BEGIN Data in this exercise
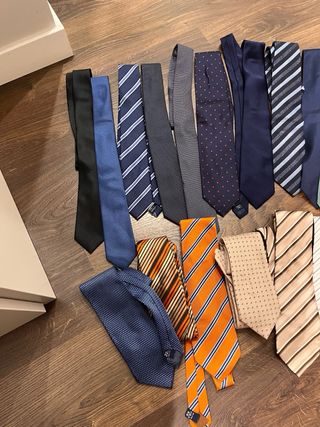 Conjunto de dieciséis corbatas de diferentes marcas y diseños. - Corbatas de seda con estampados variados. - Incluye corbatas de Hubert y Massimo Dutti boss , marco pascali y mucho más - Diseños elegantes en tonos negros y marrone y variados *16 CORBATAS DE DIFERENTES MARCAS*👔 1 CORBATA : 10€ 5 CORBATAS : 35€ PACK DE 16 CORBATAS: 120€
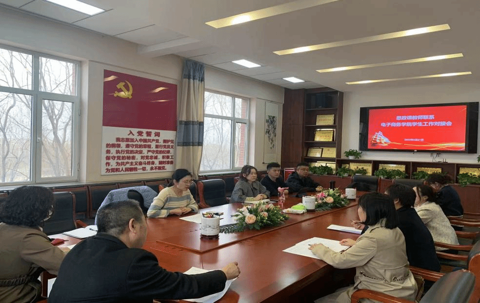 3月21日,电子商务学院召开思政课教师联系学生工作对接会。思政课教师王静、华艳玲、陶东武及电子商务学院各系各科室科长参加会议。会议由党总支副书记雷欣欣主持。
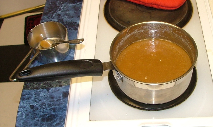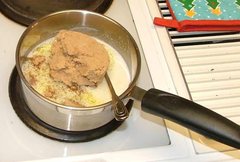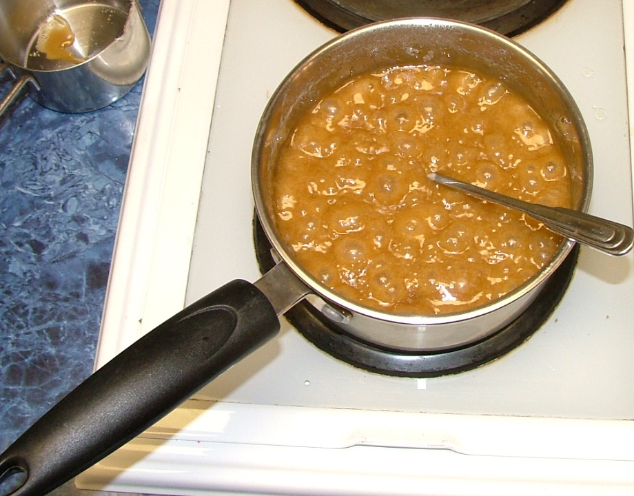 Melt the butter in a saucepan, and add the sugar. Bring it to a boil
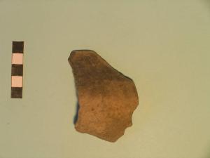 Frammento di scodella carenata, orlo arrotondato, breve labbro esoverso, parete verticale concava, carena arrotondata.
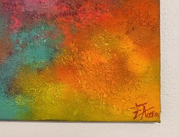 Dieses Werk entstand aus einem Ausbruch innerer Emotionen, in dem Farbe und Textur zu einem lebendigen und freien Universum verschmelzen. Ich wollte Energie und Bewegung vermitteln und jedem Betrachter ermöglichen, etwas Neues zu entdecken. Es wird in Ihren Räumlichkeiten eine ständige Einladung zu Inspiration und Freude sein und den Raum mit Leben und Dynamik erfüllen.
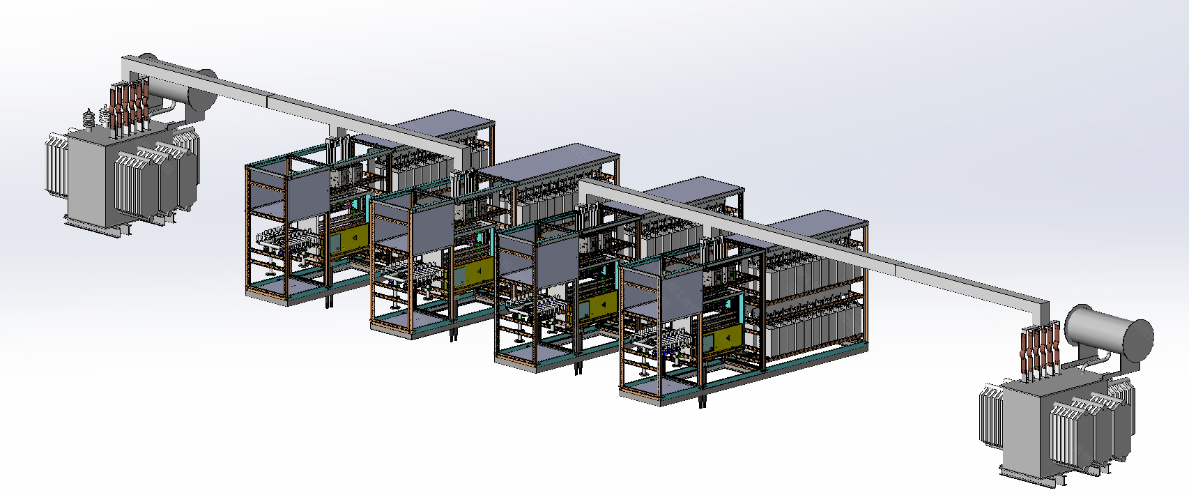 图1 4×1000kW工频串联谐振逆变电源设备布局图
END Data in this exercise
BEGIN Data in this exercise
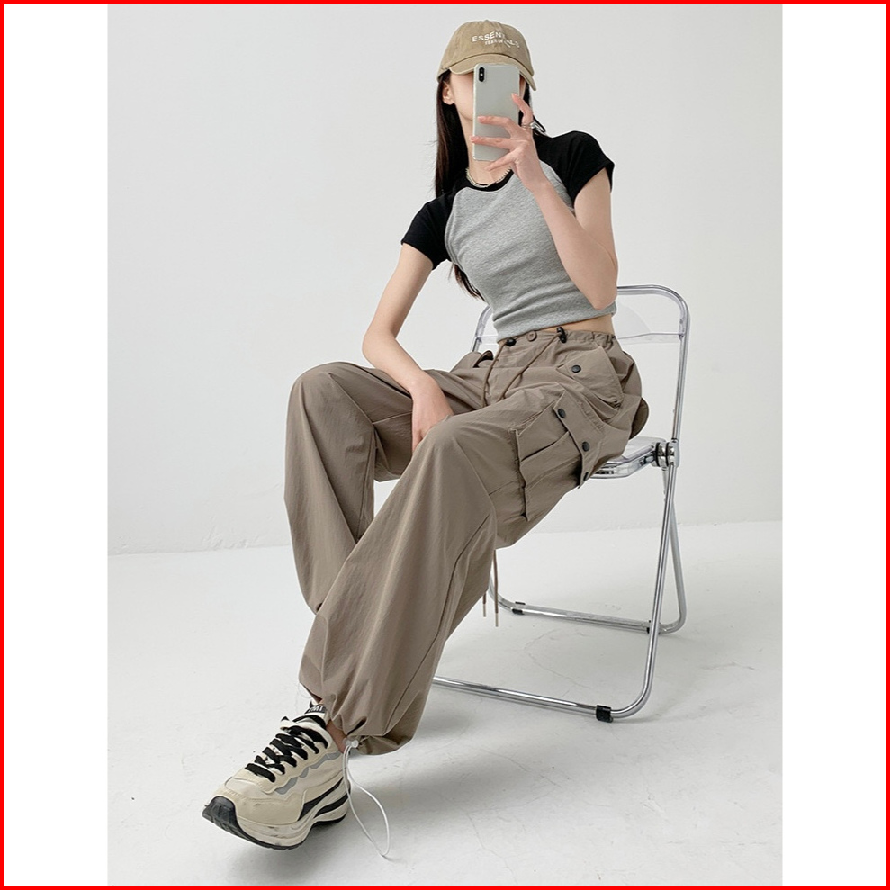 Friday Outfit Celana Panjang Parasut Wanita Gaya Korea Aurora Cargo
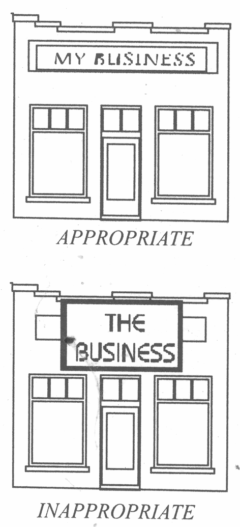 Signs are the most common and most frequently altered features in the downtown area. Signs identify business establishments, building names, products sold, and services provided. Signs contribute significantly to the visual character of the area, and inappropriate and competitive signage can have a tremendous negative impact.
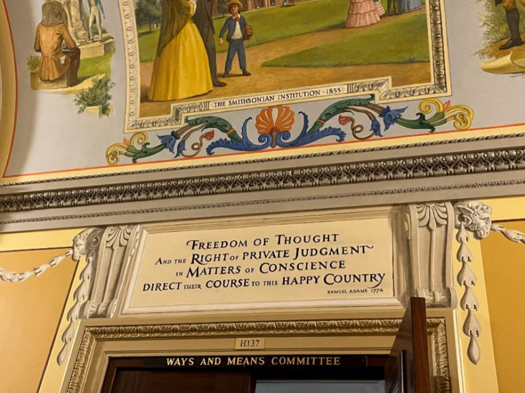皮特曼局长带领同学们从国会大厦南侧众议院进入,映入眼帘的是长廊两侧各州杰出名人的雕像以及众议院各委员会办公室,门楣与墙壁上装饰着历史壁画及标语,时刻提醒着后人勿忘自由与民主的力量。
END Data in this exercise
In the listing above, find the line with "Dieses Werk entstand" and the line with "图1 4×1000kW工频串联谐振逆变电源设备布局图". Transcribe those two and everything between, exactly, leaving out pictures.

 Dieses Werk entstand aus einem Ausbruch innerer Emotionen, in dem Farbe und Textur zu einem lebendigen und freien Universum verschmelzen. Ich wollte Energie und Bewegung vermitteln und jedem Betrachter ermöglichen, etwas Neues zu entdecken. Es wird in Ihren Räumlichkeiten eine ständige Einladung zu Inspiration und Freude sein und den Raum mit Leben und Dynamik erfüllen.
 图1 4×1000kW工频串联谐振逆变电源设备布局图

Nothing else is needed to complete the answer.